» **PROBLEM DETAILS**: As the answer, give exactly the lines of the records below from the one with "RAVENSBURGER Puzzle Mapa" through the one with "角色分为四种类型,攻击型是物", ends included and pictures left out.

» **EXERCISE MATERIAL**:
+ + +

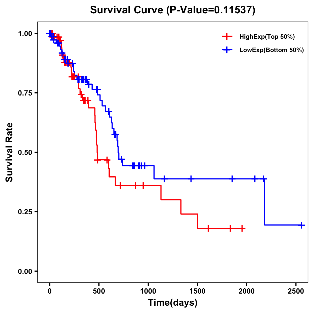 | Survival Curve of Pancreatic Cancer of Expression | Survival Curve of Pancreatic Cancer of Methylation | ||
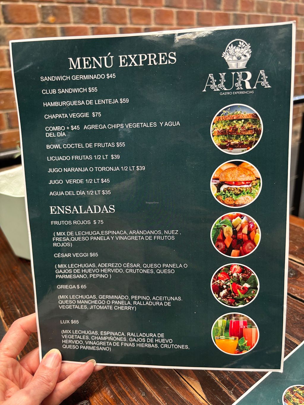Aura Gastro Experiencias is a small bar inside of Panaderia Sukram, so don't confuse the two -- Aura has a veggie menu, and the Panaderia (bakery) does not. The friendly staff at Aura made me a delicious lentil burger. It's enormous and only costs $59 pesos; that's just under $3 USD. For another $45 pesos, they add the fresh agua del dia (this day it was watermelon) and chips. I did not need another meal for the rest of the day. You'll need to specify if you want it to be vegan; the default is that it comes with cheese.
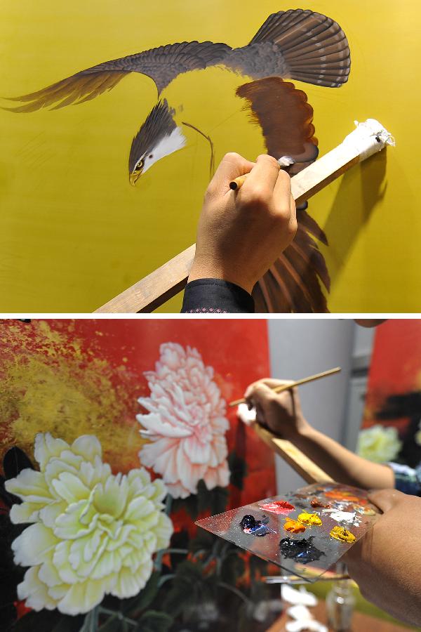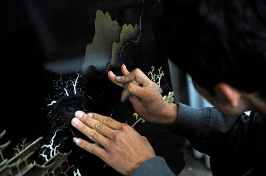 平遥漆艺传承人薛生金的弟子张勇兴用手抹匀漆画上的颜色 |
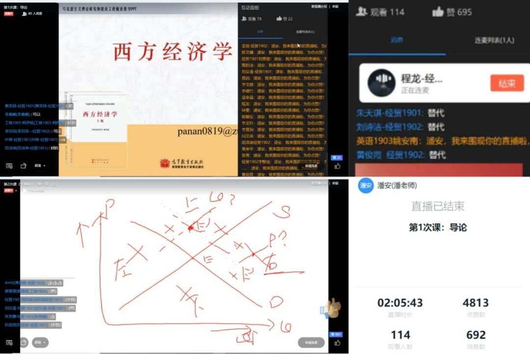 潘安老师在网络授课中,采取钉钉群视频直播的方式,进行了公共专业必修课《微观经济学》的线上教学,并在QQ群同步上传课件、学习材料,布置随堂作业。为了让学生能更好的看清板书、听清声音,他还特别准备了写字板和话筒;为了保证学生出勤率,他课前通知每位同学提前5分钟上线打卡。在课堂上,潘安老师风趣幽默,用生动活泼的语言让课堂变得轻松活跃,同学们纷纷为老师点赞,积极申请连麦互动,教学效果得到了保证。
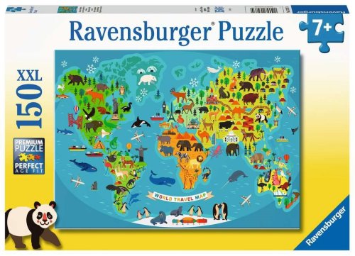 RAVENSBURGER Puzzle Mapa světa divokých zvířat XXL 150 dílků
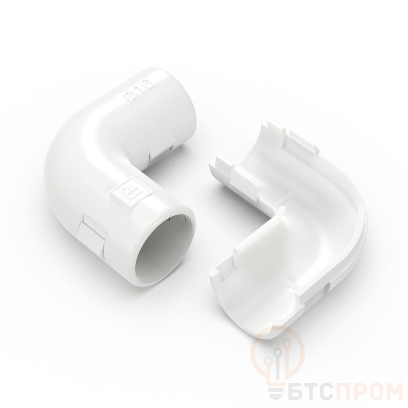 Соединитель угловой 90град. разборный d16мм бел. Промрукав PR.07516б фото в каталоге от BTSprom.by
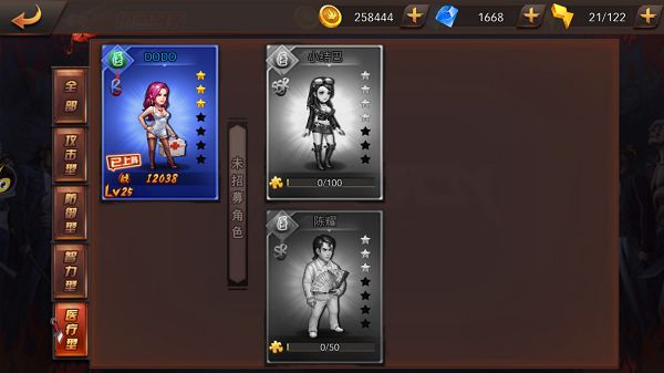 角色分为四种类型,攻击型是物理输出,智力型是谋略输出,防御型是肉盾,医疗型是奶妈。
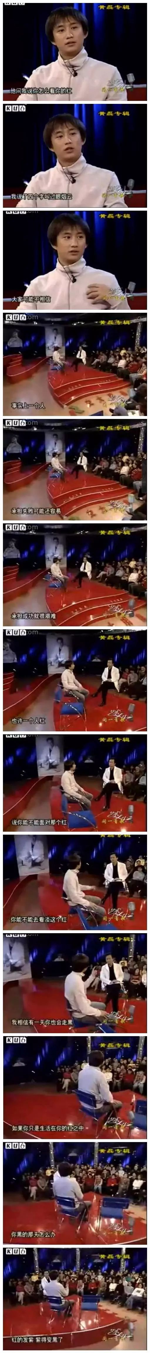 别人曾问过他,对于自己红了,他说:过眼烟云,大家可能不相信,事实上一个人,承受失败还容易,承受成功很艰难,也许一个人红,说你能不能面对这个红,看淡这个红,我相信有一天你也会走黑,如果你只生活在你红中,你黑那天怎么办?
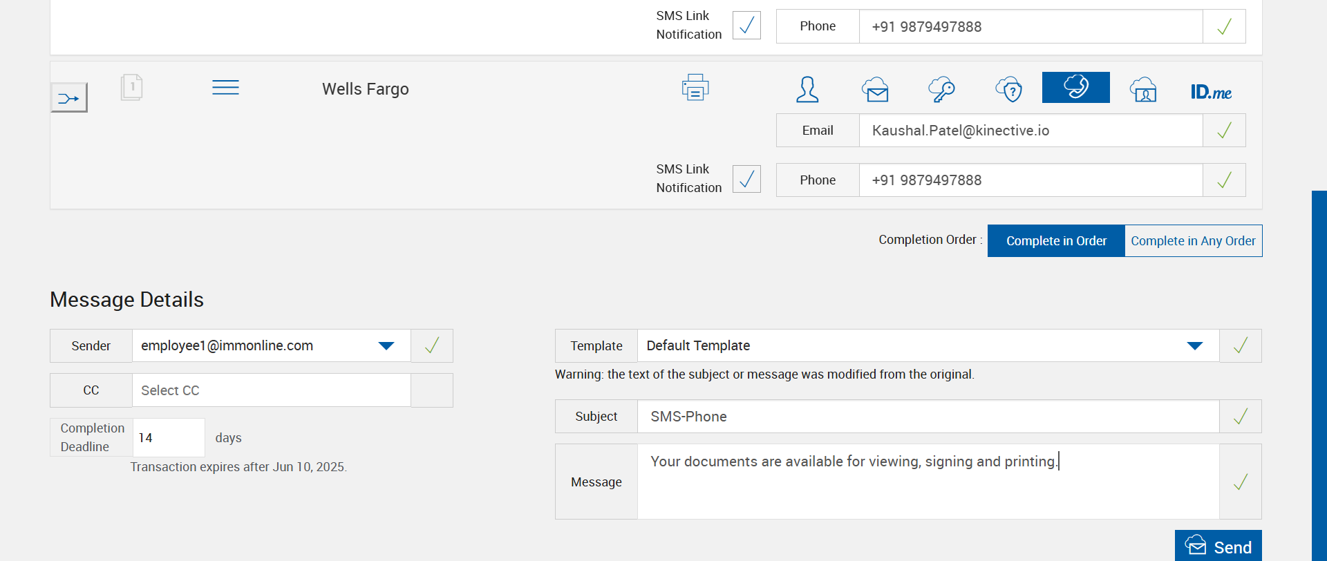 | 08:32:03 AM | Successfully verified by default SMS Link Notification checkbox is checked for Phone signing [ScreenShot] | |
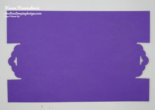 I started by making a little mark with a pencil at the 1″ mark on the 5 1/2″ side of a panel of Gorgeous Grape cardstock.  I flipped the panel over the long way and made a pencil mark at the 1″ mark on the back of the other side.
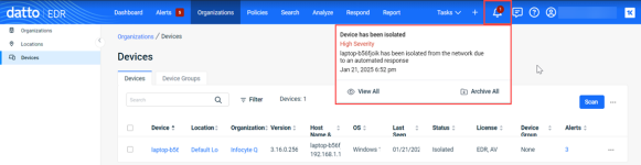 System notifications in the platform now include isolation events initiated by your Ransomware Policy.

+ + +

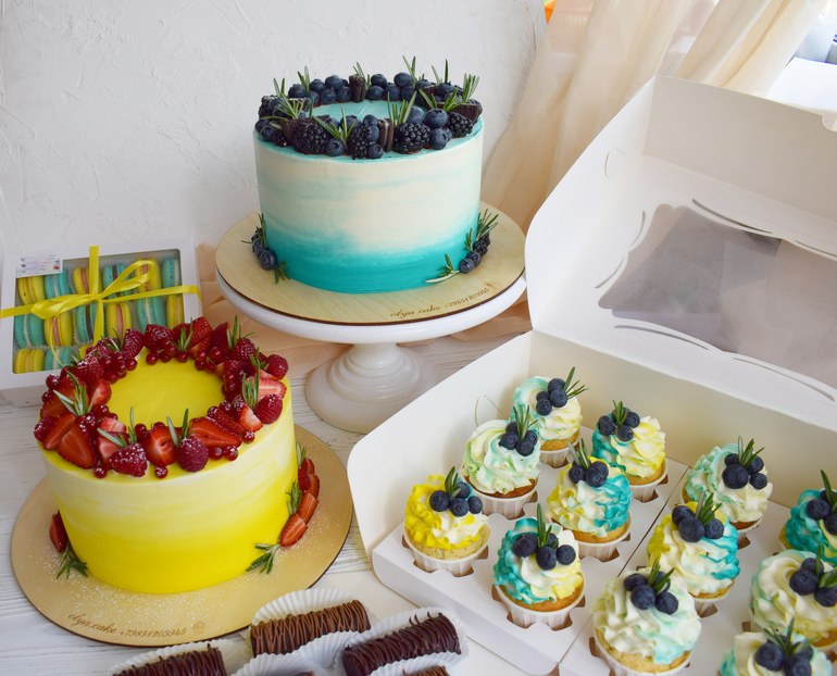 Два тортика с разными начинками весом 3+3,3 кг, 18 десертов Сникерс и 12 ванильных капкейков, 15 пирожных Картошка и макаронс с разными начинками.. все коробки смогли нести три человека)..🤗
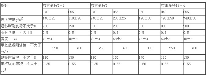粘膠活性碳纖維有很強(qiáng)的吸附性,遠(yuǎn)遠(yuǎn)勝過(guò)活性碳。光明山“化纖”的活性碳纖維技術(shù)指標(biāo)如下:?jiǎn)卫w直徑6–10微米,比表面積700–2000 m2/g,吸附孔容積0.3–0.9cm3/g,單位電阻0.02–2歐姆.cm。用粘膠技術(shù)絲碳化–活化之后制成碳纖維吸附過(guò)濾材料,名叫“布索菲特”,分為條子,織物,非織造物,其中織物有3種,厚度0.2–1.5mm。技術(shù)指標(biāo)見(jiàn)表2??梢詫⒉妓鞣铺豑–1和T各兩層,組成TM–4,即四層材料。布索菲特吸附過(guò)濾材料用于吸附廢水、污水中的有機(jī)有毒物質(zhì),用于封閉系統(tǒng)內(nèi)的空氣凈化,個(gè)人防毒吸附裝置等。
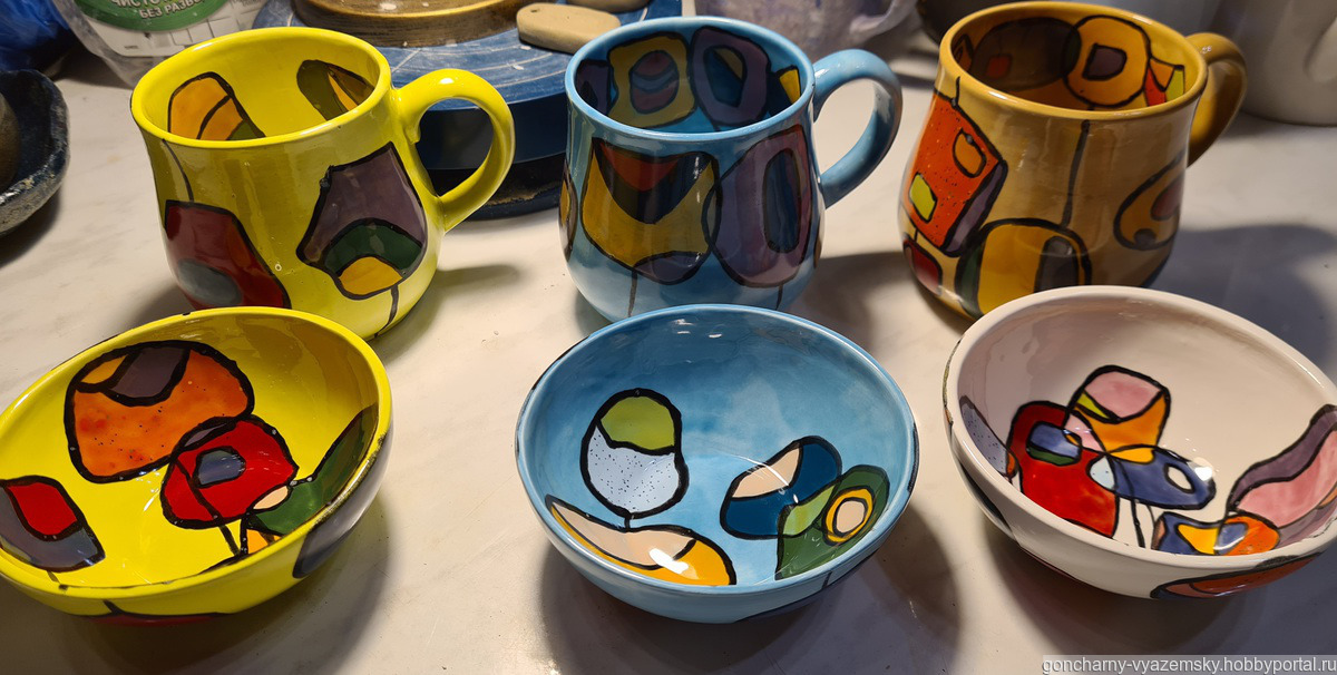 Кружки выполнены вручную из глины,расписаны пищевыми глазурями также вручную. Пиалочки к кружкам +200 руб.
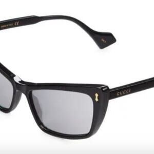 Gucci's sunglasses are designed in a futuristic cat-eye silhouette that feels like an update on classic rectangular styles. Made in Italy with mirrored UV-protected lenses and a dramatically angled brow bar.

+ + +

» **RESPONSE**:
 RAVENSBURGER Puzzle Mapa světa divokých zvířat XXL 150 dílků
 Соединитель угловой 90град. разборный d16мм бел. Промрукав PR.07516б фото в каталоге от BTSprom.by
 角色分为四种类型,攻击型是物理输出,智力型是谋略输出,防御型是肉盾,医疗型是奶妈。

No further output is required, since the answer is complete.